The numbers they give are useful for initial guidance, to give an approximate idea. What really matters is working out what your body can deal with and which foods work best for you.
So it is a matter of testing for as many meals as possible, knowing how foods affect you and what is a "safe" meal. The more effort you take to learn about it then the easier time you have because after some time then you will be able to just eat a particular meal and know that it will not send your BG soaring.
I have not been in tight control for the last 6 months but I know I will not be facing a disasterous A1c because I know the general rules for what I can eat. I have strayed from that but not too much and not too often.
So if we are talking general guidelines I would suggest to try and limit to 40 carbs at an individual meal and not eat any more carbs within an hour. Also make sure those carbs are as slow as possible (low GI).
Note: When I talk about GI I mean real GI and GL numbers for individual foodstuffs and products, not this traffic light bollocks. That crap is HORRENDOUSLY misleading. I particularly liked the table I saw in one book that had bread in all of the red, yellow and green columns. Very helpful!
Hope that loooong essay makes useful reading to some poor sod! Thanks for making it this far. I feel a series of personal articles / blog entries coming on. Time to use that webspace I paid for and lies dormant ;)
VBH.
Peter C - 27 Oct 2005 15:52 GMT did you go on to an ace inhibitor that time ( about a year ago ) when you showed some abnormal kidney readings ?

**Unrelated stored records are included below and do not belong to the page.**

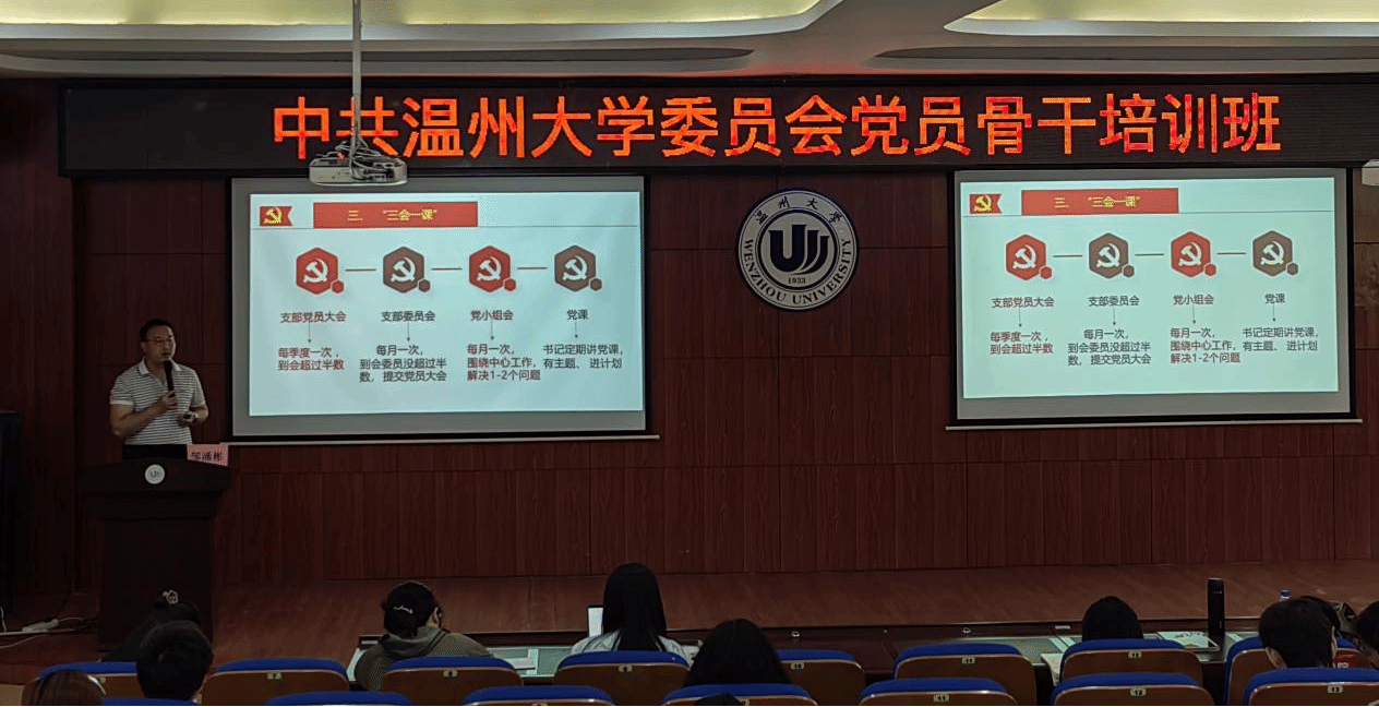 学工办主任邹涌彬老师紧扣《中国共产党支部工作条例(试行)》等党内法规,结合高校党建实际,深度解析组织生活的政治内涵与实践要求。包括“三会一课”质量提升路径、主题党日创新案例等实务要点,同时聚焦青年党员特点,分享“理论学习+实践服务”“红色资源沉浸式体验”等创新形式,为基层党组织提供 “听得懂、用得上”的操作指南。
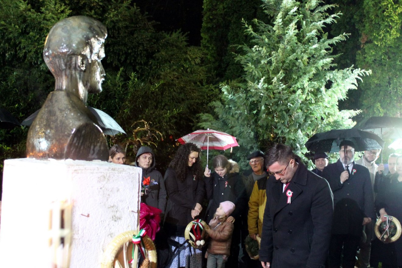 A művelődési háztól fáklyás felvonulással haladtak a református templomkertben lévő Petőfi-szoborig, ahol koszorúzás zajlott. Ezen a helyszínen Kotlár Dominik IX. osztályos diák szavalata hangzott el. Kovács Gyula református lelkipásztor áldásával és a Himnusz közös éneklésével zárult ezen a helyszínen a megemlékezés.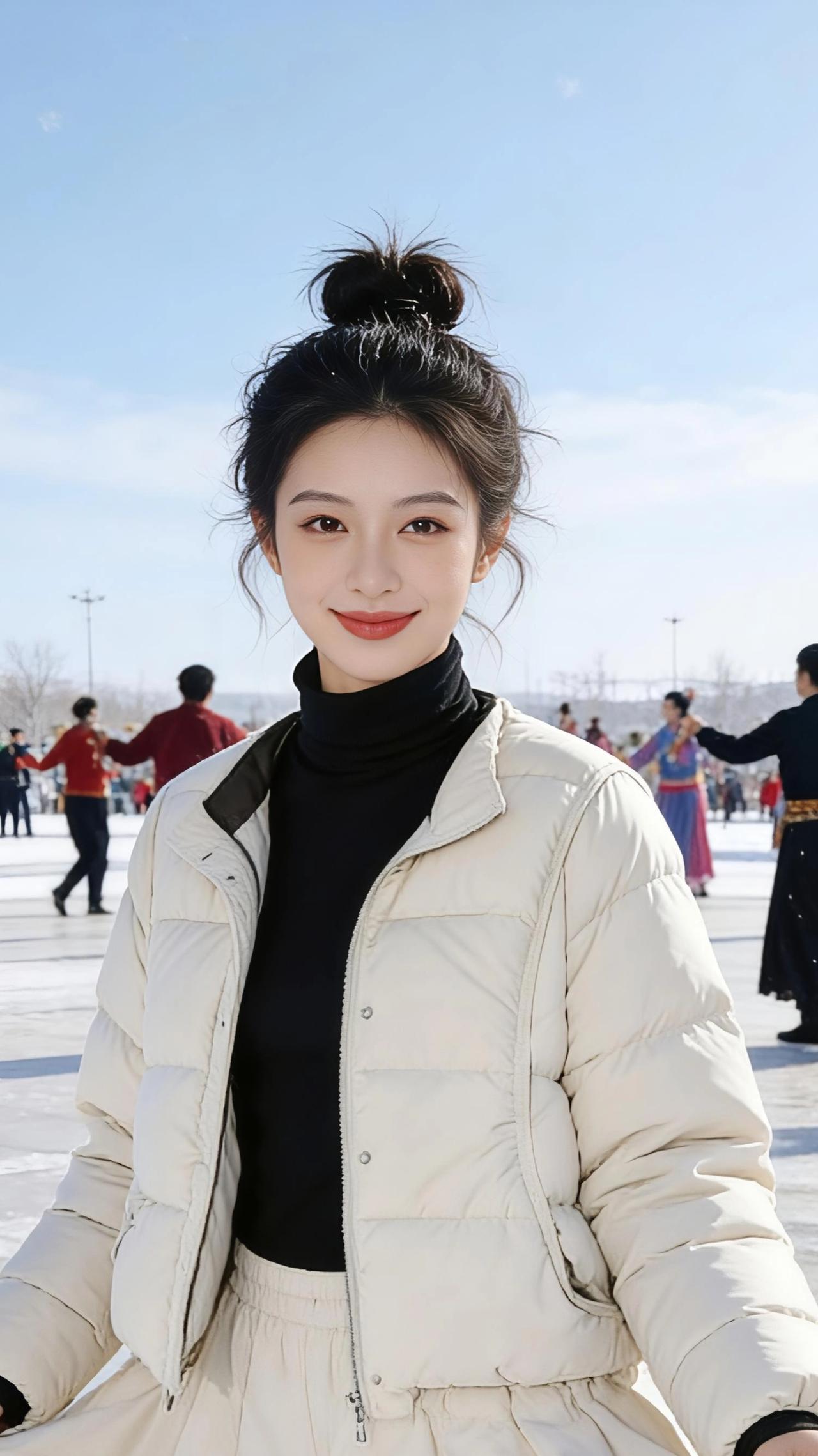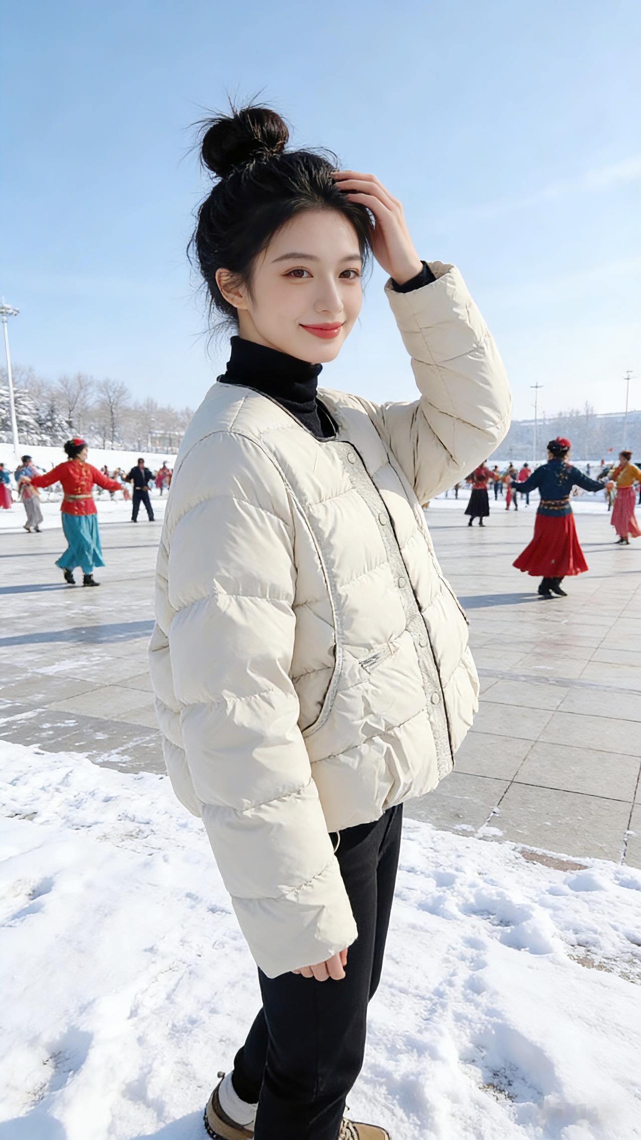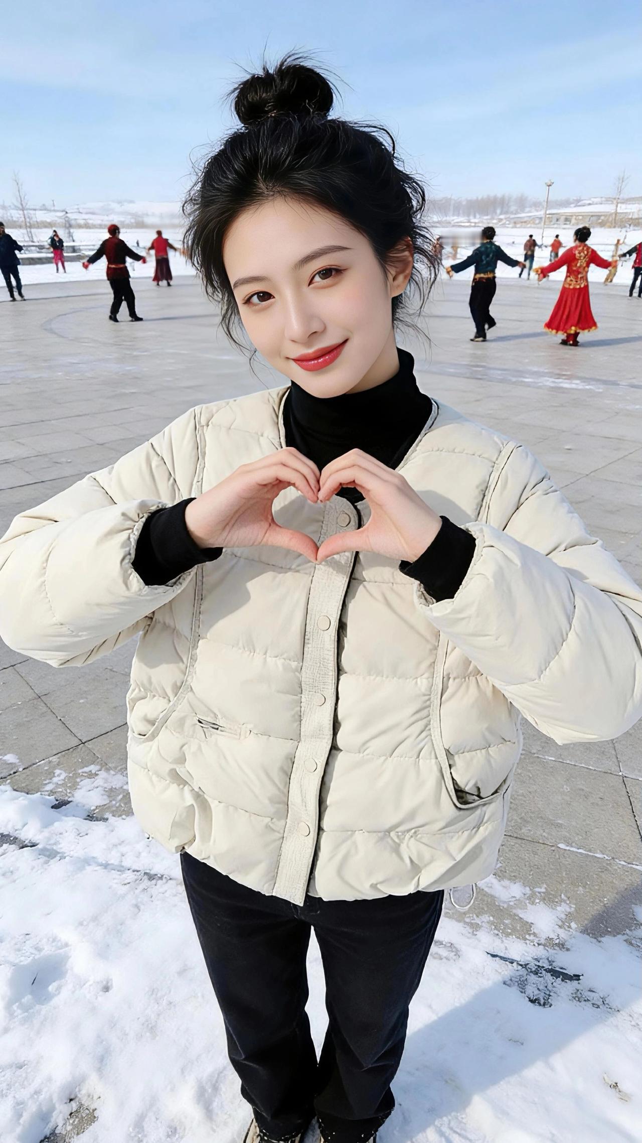 雪日欢歌 北国的冬日,晴光泼洒在皑皑雪地上,晃得人眼睫都染上亮白。我立在广场的雪边,浅米色的羽绒服裹着周身的暖,黑色高领衫收住颈间的风,丸子头的碎发被寒风吹得轻轻扬着,倒添了几分随性的鲜活。 身后是喧腾的欢歌,彩衣的身影在雪地上旋出明艳的弧,红的绸、绿的袖,是东北大秧歌独有的热烈,把冬日的清冷揉成了滚烫的欢喜。我抬手拢了拢耳边的碎发,指尖触到冰凉的风,却又被心底的暖意裹住。脚下的雪咯吱作响,像是附和着秧歌的鼓点,蓝天澄澈得没有一丝云,阳光落在身上,暖融融的,竟让人忘了这是数九的寒天。 伸手比出心形时,目光掠过那些舞动的身影,他们的笑闹声混着风飘过来,成了这雪日里最动听的背景音。原来冬日从不是只有沉寂,在这片被白雪覆盖的土地上,热烈的生活气总能破开寒意,像秧歌的红绸一样,在天地间舞出万般热闹。而我站在这雪与欢歌之间,成了冬日里一抹温柔的剪影,也成了这份热闹里,最惬意的看客。 高级感穿搭 新年穿搭 百大红人新年出片战袍 棉服外套

vbhol - 27 Oct 2005 20:36 GMT > did you go on to an ace inhibitor that time ( about a year ago ) when you > showed some abnormal kidney readings ? Wasn't expecting that question here...
Yes I did. But readings resolved themselves just after. May have just been a freaky reading. Its one of the things I am focussing on with my next test in the next couple of weeks - when I get to a blood draw. Got a review with the doc on the 11th.